Question

A bead of mass $m$ can slide on a thin vertical rod, with sliding friction coefficient $\mu = 0.4$. The rod is translated horizontally with a constant acceleration $a$. For what value of $a$ will an observer on earth see equal horizontal and vertical components of the acceleration of the bead?

Answer 1

This question is based on the concept of sliding friction. So, in this question first we need to find the value of the horizontal and the vertical component of force and with the help of it, we need to find the horizontal and the vertical component of acceleration. Then we will equate the two components, as they are given equal in the question.

Complete step by step answer:
The diagram of this question is,

Given, the bead is sliding vertically down with friction which will oppose it.The following are the forces acting on the bead:
(A) The normal force $N$ exerted on it by the rod in the horizontal direction.
(B) The force of sliding friction $\mu N$ which acts vertically upward.
(C) Its weight $mg$ in the vertically downward direction.
Net force in the vertical direction ${F_V} = Mg - \mu N$.
Net force in the horizontal direction ${F_H} = Ma$.

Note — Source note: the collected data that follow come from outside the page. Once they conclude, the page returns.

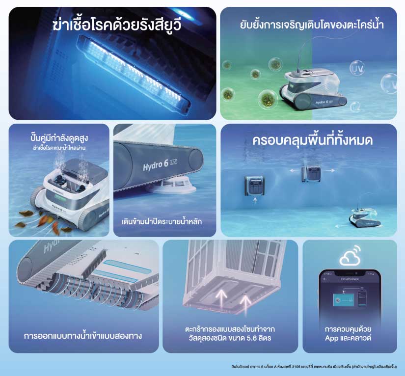 Chasing Hydro 6 UV พร้อมสายยาว 25m + Wi-Fi Control Box เป็นเครื่องทำความสะอาดสระว่ายน้ำฆ่าเชื้อด้วยแสงยูวีเครื่องแรกของโลก! ไม่เพียงแต่กรองเศษขยะได้เท่านั้น แต่ยังฆ่าเชื้อแบคทีเรียได้อีกด้วย (Update 14/03/2025)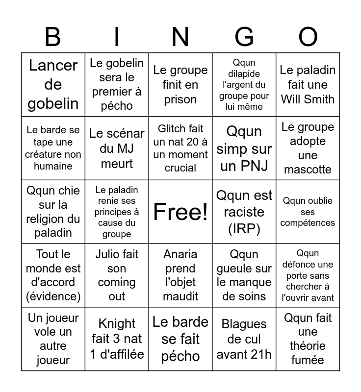 This bingo card has a free space and 24 words: Julio fait son coming out, Knight fait 3 nat 1 d'affilée, Glitch fait un nat 20 à un moment crucial, Un joueur vole un autre joueur, Le paladin fait une Will Smith, Lancer de gobelin, Le barde se tape une créature non humaine, Le gobelin sera le premier à pécho, Qqun est raciste (IRP), Anaria prend l'objet maudit, Qqun simp sur un PNJ, Qqun chie sur la religion du paladin, Qqun gueule sur le manque de soins, Qqun défonce une porte sans chercher à l'ouvrir avant, Le scénar du MJ meurt, Blagues de cul avant 21h, Qqun oublie ses compétences, Le groupe finit en prison, Le groupe adopte une mascotte, Le paladin renie ses principes à cause du groupe, Qqun fait une théorie fumée, Tout le monde est d'accord (évidence), Qqun dilapide l'argent du groupe pour lui même and Le barde se fait pécho.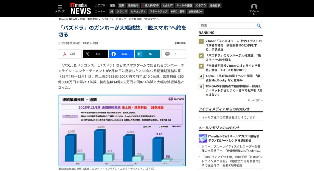 「パズル&ドラゴンズ」(パズドラ)などのスマホゲームで知られるガンホー・オンライン・エンターテイメントが2月13日に発表した2025年12月期通期連結決算(25年1月~12月)は、売上高が932億4200万円で前年比10.0%減、営業利益は50億5600万円で同71.1%減、純利益は14億700万円で同87.4%減と大幅な減収減益となった。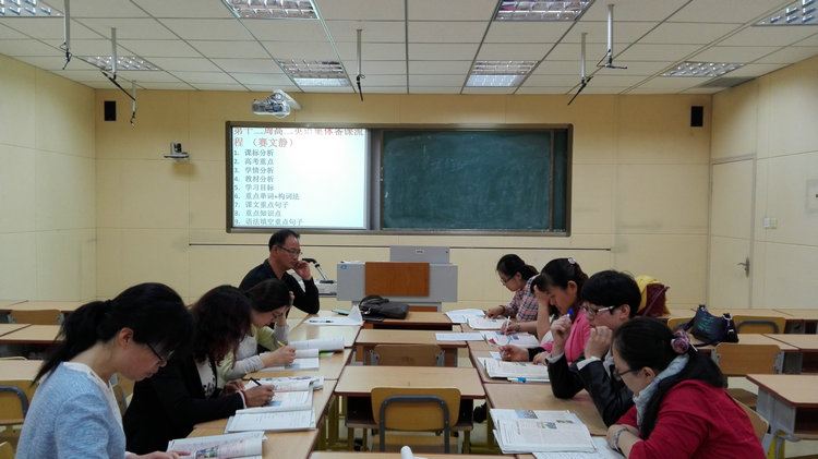 赛文静老师首先和大家一起,立足于课标八级目标要求、高考重点、学情分析和教材分析,确定了本单元的整体教学目标。然后,赛文静老师重点阐述了主体课文的授课重点和导学案的设置及练习重点,备课组全体成员参与讨论、补充。探讨的重点主要围绕教学重难点的授课方法及练习与检测中出现的问题的解决办法展开,旨在通过教学提高学生语言知识及语言技能。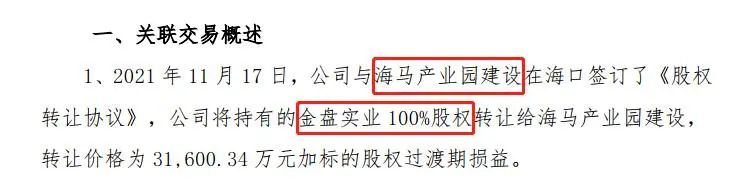 同日,海马汽车还与海马产业园建设在海口签订了《股权转让协议》,公司将持有的金盘实业100%股权转让给海马产业园建设,转让价格为3.16亿元加标的股权过渡期损益。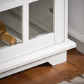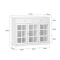 Het keukenkastopbergmeubel is ontworpen om aan al uw keukenopslagbehoeften te voldoen. Deze kast heeft 3 glazen deuren, 2 lades, 3 wijnglashouders en 2 flessenplanken, waardoor er voldoende ruimte is voor je favoriete wijnen, glazen en keukenbenodigdheden.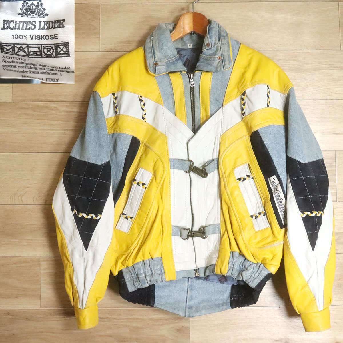 > *11K/R4.10-2 ユーロ古着 イタリア製 GIORGIO GRAZIANO デニムジャケット 本革 レザー切り替え ブルゾン デザインジャケット

The normal force is $N = ma$, as the normal force is acting in the horizontal direction.Now, we need the value of $a$ for which the observer on earth can see equal horizontal and vertical components of the acceleration of the bead. So, horizontal component of acceleration $=$ vertical component of acceleration
$\dfrac{{Mg - \mu N}}{M} = \dfrac{{Ma}}{M}$
On putting $N = ma$,
$\dfrac{{Mg - \mu Ma}}{M} = \dfrac{{Ma}}{M}$
$\Rightarrow Mg - \mu Ma = Ma$

On cancelling $M$ on both the sides,
$g - \mu a = a$
$\Rightarrow a + \mu a = g$
On taking $a$ as common on LHS,
$a(1 + \mu ) = g$
$\Rightarrow a = \dfrac{g}{{1 + \mu }}$
We know that $g = 9.8\dfrac{m}{{{s^2}}}$ and $\mu = 0.4$(given),
$a = \dfrac{{9.8}}{{1 + 0.4}}$
$\Rightarrow a = \dfrac{{9.8}}{{1.4}}$
$\therefore a = 7\,{m}{s^2}$

Hence, the value of $a$ for which an observer on earth can see equal horizontal and vertical components of the acceleration of the bead is $a = 7\,{m}{s^2}$.

Note: Normal force is contact force. Normal force is also known as a normal reaction force. This force acts only when an object is in contact with another object. But if there is no contact between two objects then the normal force does not act. The SI unit of normal force is Newton.